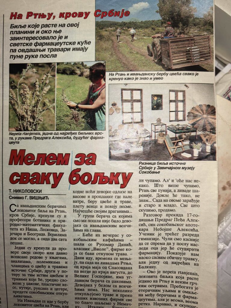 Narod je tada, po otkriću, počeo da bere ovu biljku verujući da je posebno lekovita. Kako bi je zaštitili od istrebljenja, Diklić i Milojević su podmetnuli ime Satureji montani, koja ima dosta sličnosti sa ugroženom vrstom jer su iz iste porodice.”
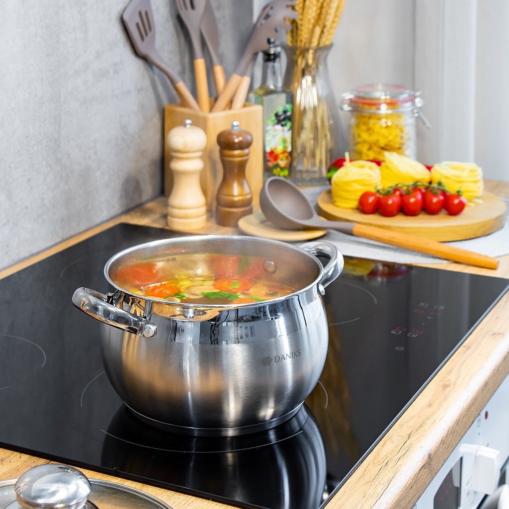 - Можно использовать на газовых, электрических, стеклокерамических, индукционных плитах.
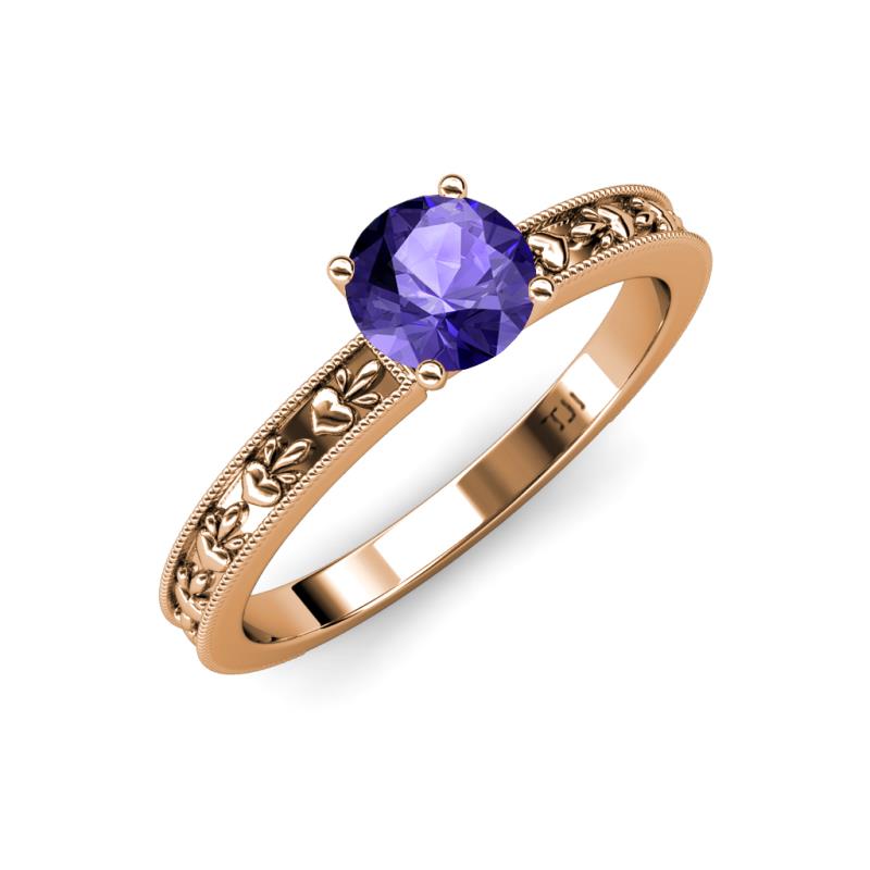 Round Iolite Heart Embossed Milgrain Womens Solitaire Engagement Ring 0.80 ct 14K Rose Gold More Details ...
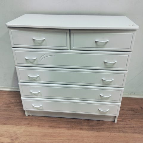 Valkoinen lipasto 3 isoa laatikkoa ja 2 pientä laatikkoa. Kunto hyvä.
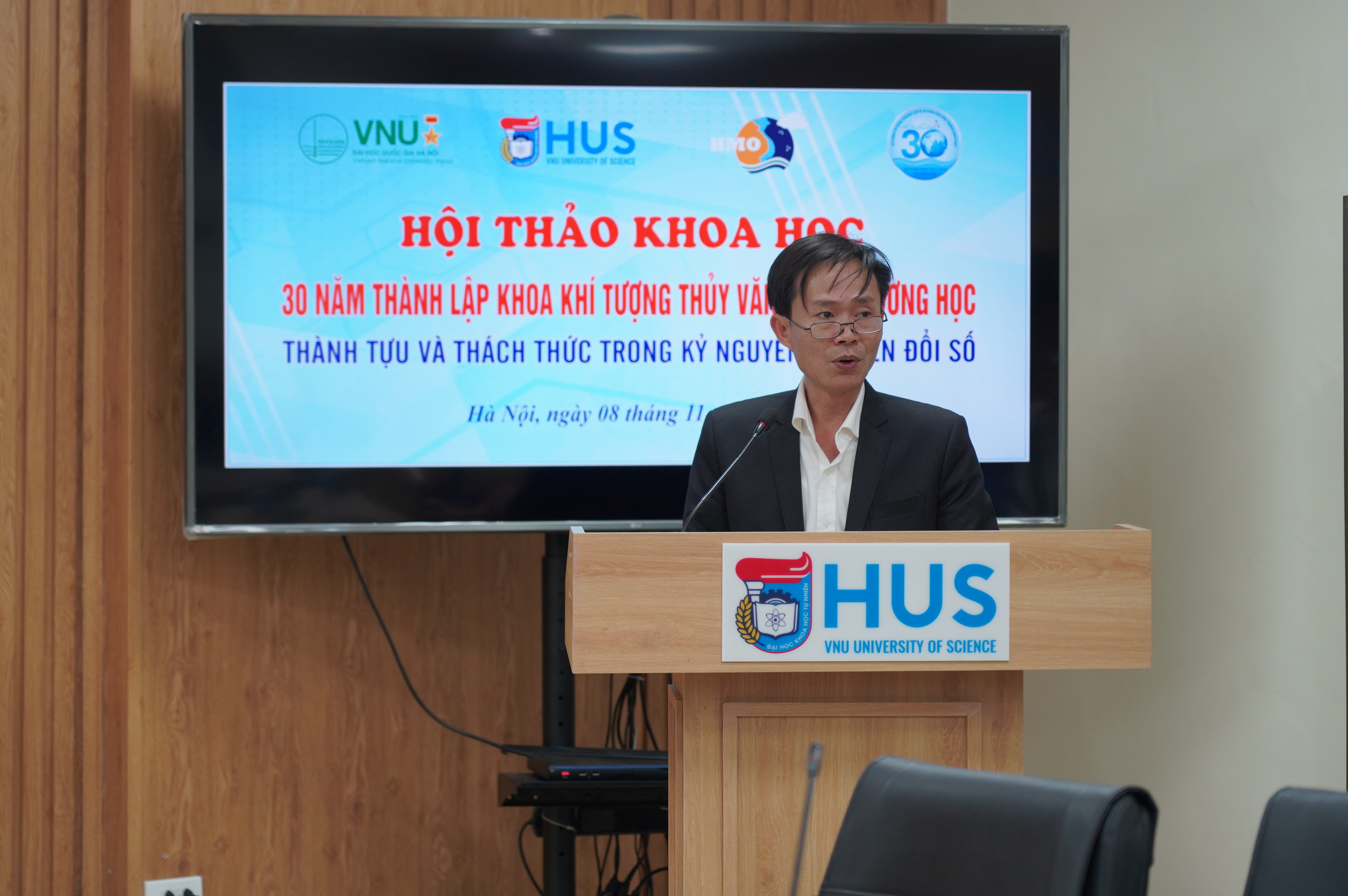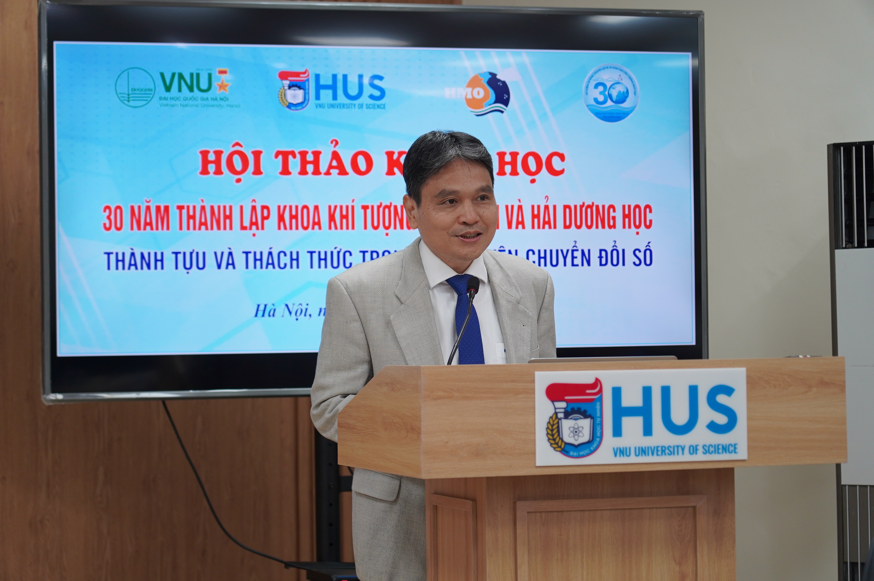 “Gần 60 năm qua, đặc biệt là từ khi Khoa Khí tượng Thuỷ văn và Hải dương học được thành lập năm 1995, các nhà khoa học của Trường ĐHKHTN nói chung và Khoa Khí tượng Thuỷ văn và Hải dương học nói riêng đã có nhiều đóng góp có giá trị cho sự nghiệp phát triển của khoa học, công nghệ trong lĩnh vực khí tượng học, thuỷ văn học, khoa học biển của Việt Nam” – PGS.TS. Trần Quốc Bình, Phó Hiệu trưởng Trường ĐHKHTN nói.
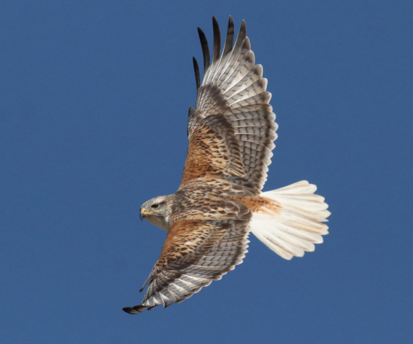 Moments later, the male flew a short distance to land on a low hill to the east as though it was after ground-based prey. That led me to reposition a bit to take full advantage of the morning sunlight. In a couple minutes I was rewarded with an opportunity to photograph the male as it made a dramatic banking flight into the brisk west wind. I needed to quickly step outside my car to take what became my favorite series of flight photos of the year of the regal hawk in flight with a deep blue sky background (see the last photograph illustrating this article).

——

Give again, word for word, the lines above from the first one through the one containing "- Можно использовать"; no pictures.

• WRITTEN RESPONSE:
 Narod je tada, po otkriću, počeo da bere ovu biljku verujući da je posebno lekovita. Kako bi je zaštitili od istrebljenja, Diklić i Milojević su podmetnuli ime Satureji montani, koja ima dosta sličnosti sa ugroženom vrstom jer su iz iste porodice.”
 - Можно использовать на газовых, электрических, стеклокерамических, индукционных плитах.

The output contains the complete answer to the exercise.